Oy ve yorum işi sizin için çok zor olmamalı değil mi ballar? Lütfen oy ve yorumlarınızı eksik etmeyin. Sizinle birlikte kendini geliştirmek isteyen bir yazarınız var. :)
KEYİFLİ OKUMALAR
🍀
Kanın beynine sıçradığını hisseden Nazelif doktorları rahatsız etmemek adına içine içine ağlarken doktorlardan biri kalp masajı yapmaya başladı.
"Yavuz lütfen bırakma kendini, Yavuz!" Nazelif için dünya karardı dediğimiz noktadaydık. Bir kez daha ayakları onu taşıyamazken, buna daha fazla direnmeyip vücudunun yere yığılışını izledi. Sonrasıysa tekrar ve tekrar karanlıktı...
Annesinin elini tutmak için ileri giden Yavuz önüne çıkan Nazelif'le şaşırmadan edemedi.

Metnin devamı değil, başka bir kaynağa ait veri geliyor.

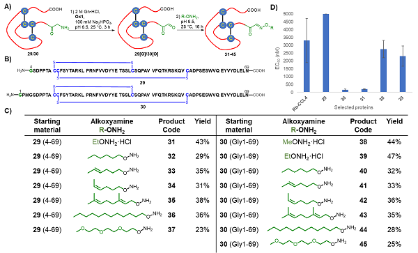 蛋白质趋化因子CCL4是HIV辅助受体CCR5的配体。作者利用该策略对CCL4的 N-端进行转胺化修饰,快速得到了一系列修饰蛋白质29-45。抗HIV-1活性体外实验表明,带修饰蛋白质30和31的抗HIV-1活性相较于表达的CCL4活性有显著提高。该实验表明,通过蛋白质化学合成与定点修饰联用可以在短时间内得到大量不同修饰的蛋白质,这在很大程度上为抗HIV蛋白质类药物的制备提供了技术手段。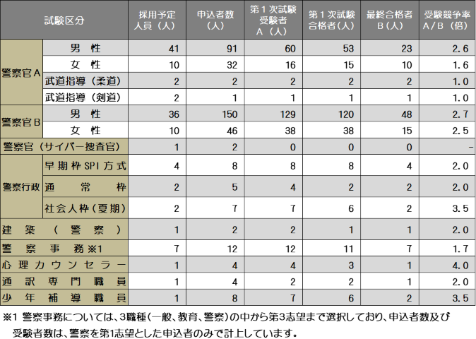 令和7年度警察官等採用試験実施状況 令和6年度警察官等採用試験実施状況 令和5年度警察官等採用試験実施状況 令和4年度警察官等採用試験実施状況 令和3年度警察官等採用試験実施状況 令和2年度警察官等採用試験実施状況 令和元年度警察官等採用試験実施状況

"Nazelif?" dedi şaşkın olduğu her hâlinden belli olan sesiyle. "Senin burada ne işin var?"
Titrek sesiyle konuşmaya başladı Nazelif. "Bir yere gitme diye geldim."
"Gitmem gerek Nazelif annem bekliyor." diyen Yavuz etrafa baktı annesini bulmak için. Az ileride onu bekleyen annesini görünce gülümseyip, annesinin gülümsemesine karşılık verdi.
"Olmaz Yavuz şimdi gidemezsin."
"Burada kalmak için bir sebep bulamıyorum Nazelif. Belki de yediğim haltların telafisi erken ölmem olacak." diyen Yavuz, Nazelif'in karşısında istemsizce utanmıştı.
"Onlar için zaten bana hesap vereceksin ve seni affedeceğim."
"Ya beni affetmezsen?"
"Affedeceğim affetmesine ama kolay olmayacak. Benden çok çekeceksin." dedi Nazelif sona doğru gülümserken. Yavuz da Nazelif gibi gülümsedi. "Senden gelecek her şey kabulümüz."
"O zaman gitme Yavuz."
Tereddütte kaldı Yavuz. Bir annesine baktı, bir Nazelif'e. Gitse miydi annesinin huzurlu kollarına, yoksa Nazelif'in elini mi tutmalıydı...
"Anne?" dedi Yavuz küçük bir çocuk seslenişiyle.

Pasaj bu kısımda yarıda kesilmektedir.